Exercise
Print the data verbatim. Leave every image out.

※ ※ ※

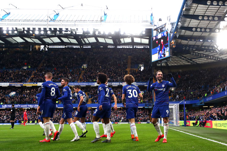 In the striker's third game since joining on loan on Juventus, Higuain turned the ball into the net in the 16th minute and curled in Chelsea's fourth in the 69th.
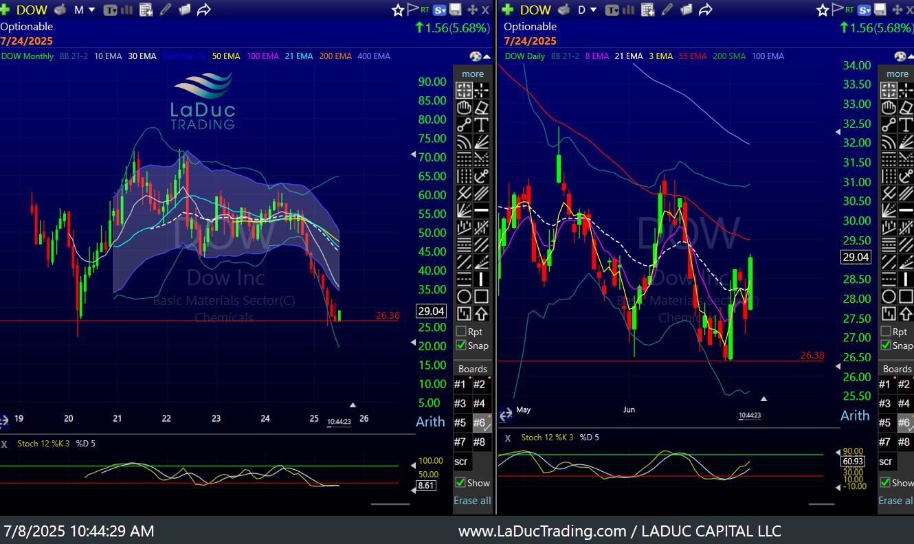Some stocks are just very oversold, making for a good LRE (low-risk-entry) for the very patient investor. DOW must stay > 26.38 for example...
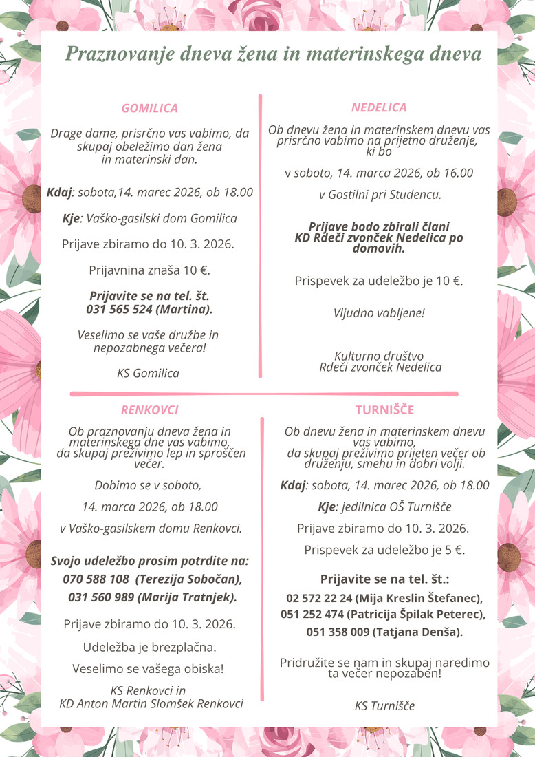 Praznovanje dneva žena in materinskega dne
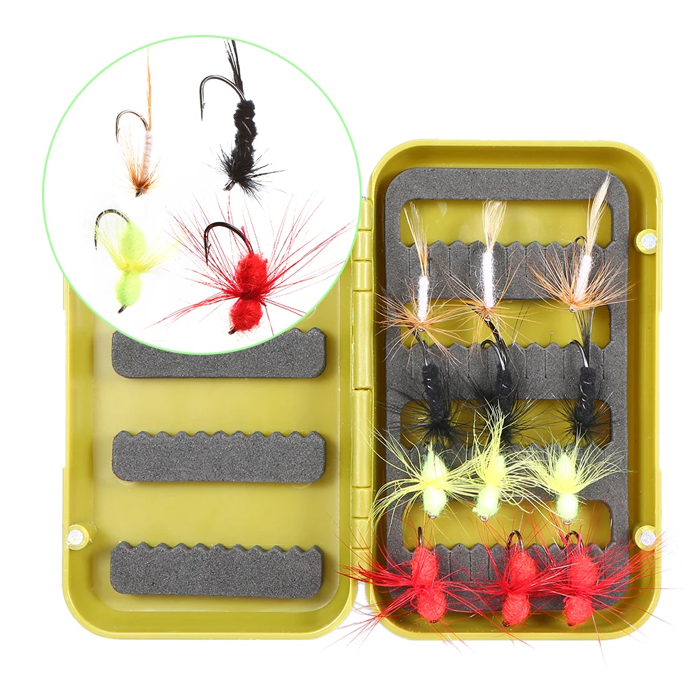 Водонепроницаемая коробка для мух: летучая коробка с пластиковой конструкцией и магнитным замком сохраняет ваши мухи сухими и безопасными в коробке. Эта коробка поставляется с 12 мушками в качестве подарка для рыболовов.
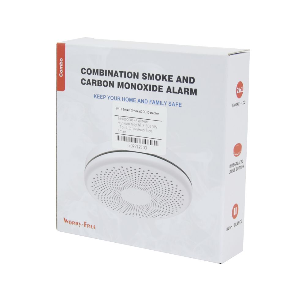 Бездротовий автономний датчик диму та чадного газу ATIS-801DW-T з підтримкою Tuya Smart
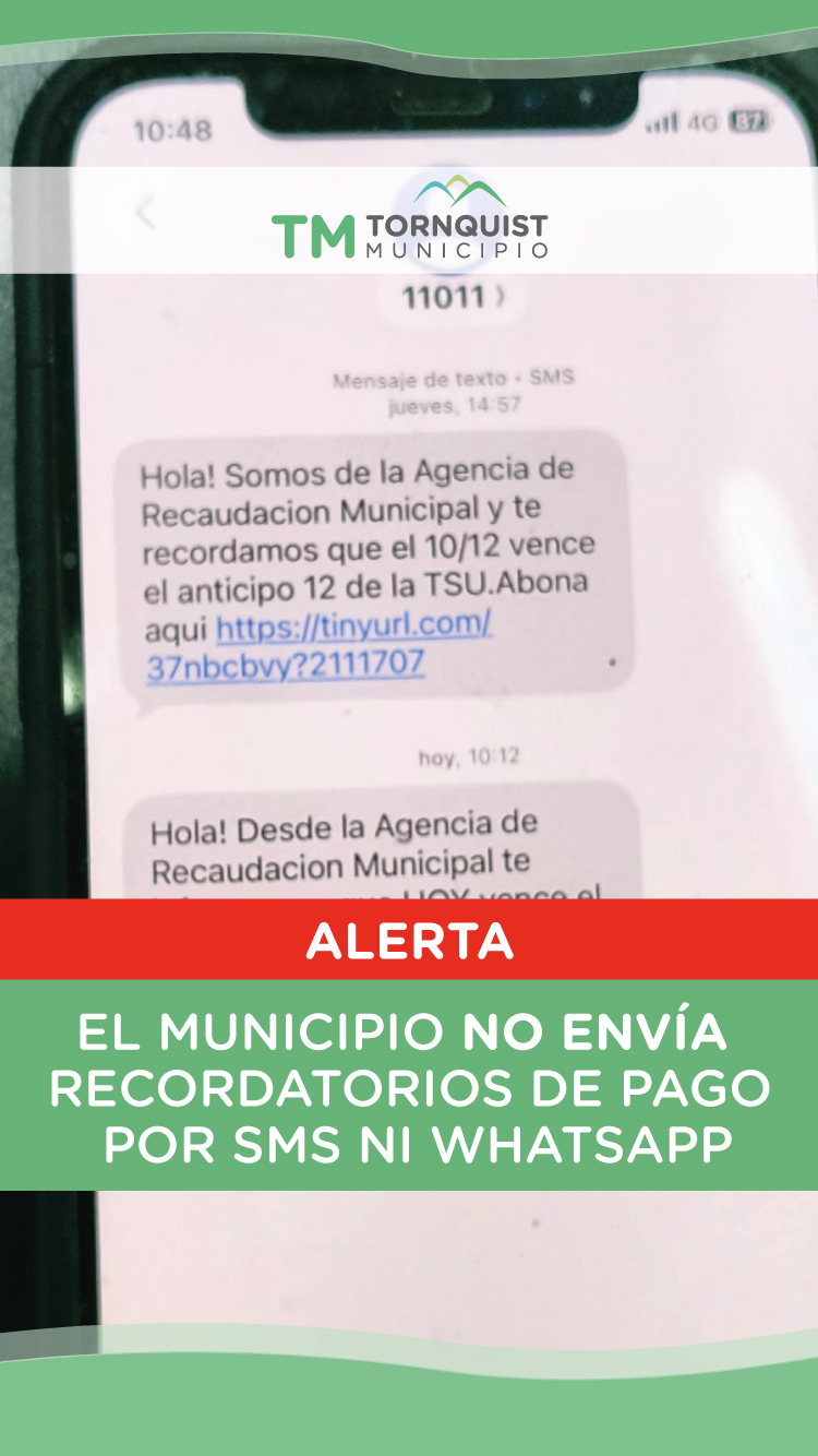Tornquist Municipio informa a la comunidad que, en las últimas horas, se han detectado mensajes de texto y WhatsApp enviados a vecinos en nombre del municipio, en los que se “recuerdan” supuestos vencimientos de pagos y se incluye un enlace para abonarlos.

※ ※ ※

Exercise output
 In the striker's third game since joining on loan on Juventus, Higuain turned the ball into the net in the 16th minute and curled in Chelsea's fourth in the 69th.
Some stocks are just very oversold, making for a good LRE (low-risk-entry) for the very patient investor. DOW must stay > 26.38 for example...
 Praznovanje dneva žena in materinskega dne
 Водонепроницаемая коробка для мух: летучая коробка с пластиковой конструкцией и магнитным замком сохраняет ваши мухи сухими и безопасными в коробке. Эта коробка поставляется с 12 мушками в качестве подарка для рыболовов.
 Бездротовий автономний датчик диму та чадного газу ATIS-801DW-T з підтримкою Tuya Smart
Tornquist Municipio informa a la comunidad que, en las últimas horas, se han detectado mensajes de texto y WhatsApp enviados a vecinos en nombre del municipio, en los que se “recuerdan” supuestos vencimientos de pagos y se incluye un enlace para abonarlos.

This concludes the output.